Il est vrai que le Maréchal Davout n’a rien pour susciter les passions. Chauve et portant besicles, il ne présente pas, malgré sa grande taille, un physique de héros romantique. On sait qu’il n’attachait pas une grande importance à son apparence et au « qu’en dira t-on  ». En outre, à l’inverse d’un Desaix, d’un Lannes, d’un Ney ou d’un Murat, qui ont connu une fin tragique, Davout est mort dans son lit. Il est donc difficile au romantisme naissant de trouver inspiration en ce soldat austère et bourru.
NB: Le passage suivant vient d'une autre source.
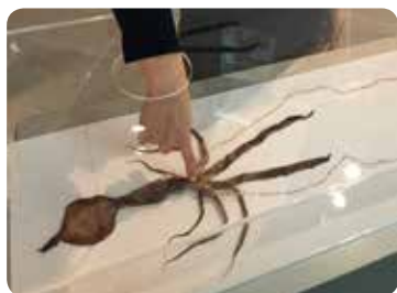
【さわれます! プラスチネーション標本】

珍しいイカなので、大学の研究室へ提供する話もあったのですが、せっかく奄美の方が奄美で捕獲した個体なので、なんとか皆さんに見てもらえるように展示できないかと考え、プラスチックネーション標本を作成することにしました。プラスチックネーションとは、生物の水分や脂肪分を合成樹脂と置き換えることで、生きている時の姿や触感を残し、なおかつ触ることもできる標本です。これまでの標本はホルマリンなどの液体に漬けるのが一般的で、どうしても小さな容器に詰め込むような形になり、もちろん触ることはできませんでした。画期的な新技術で、約5か月をかけて作成されたユウレイイカのプラスチックネーション標本をいよいよ展示します。ユウレイイカの不思議な形をそのままに見て、触れて、海の生き物の面白さを感じて下さいね。

La reconnaissance vient de l’Yonne

C’est dans son département d’origine, l’Yonne, que la reconnaissance des mérites de Davout va peu à peu se développer. Il y a d’abord, en 1844, un discours élogieux de M. Dupin, député de l’Yonne, à l’occasion de l’inauguration de plusieurs portraits, dont celui de Davout, dans une grande salle de l’hôtel de ville d’Avallon. Il y a surtout, en 1863 à Auxerre, le prix Crochot, remis par la Société des sciences de l’Yonne, qui est attribué à Charles Joly pour son "Eloge historique du maréchal Davout". Le document primé est édité l’année suivante et constitue la première biographie sur cet illustre personnage, 40 ans après sa mort. A cette époque, bien d’autres maréchaux ont déjà eu droit à une, voire plusieurs biographies : Ney (Maizeau dès 1816, Rouval en 1833, Nollet-Fabert en 1852, Verronnais en 1853), Bernadotte (d’Héricourt en 1844, Sarrans en 1845), Bessières (Miramont en 1845), Brune (Bourgoin en 1840), Gouvion Saint-Cyr (Nollet-Fabert en 1853, Gay de Vernon en 1856), Lannes (Perin en 1810), Masséna (d’Argeavel en 1817), Moncey (Ambert en 1842, de Chénier en 1848), etc.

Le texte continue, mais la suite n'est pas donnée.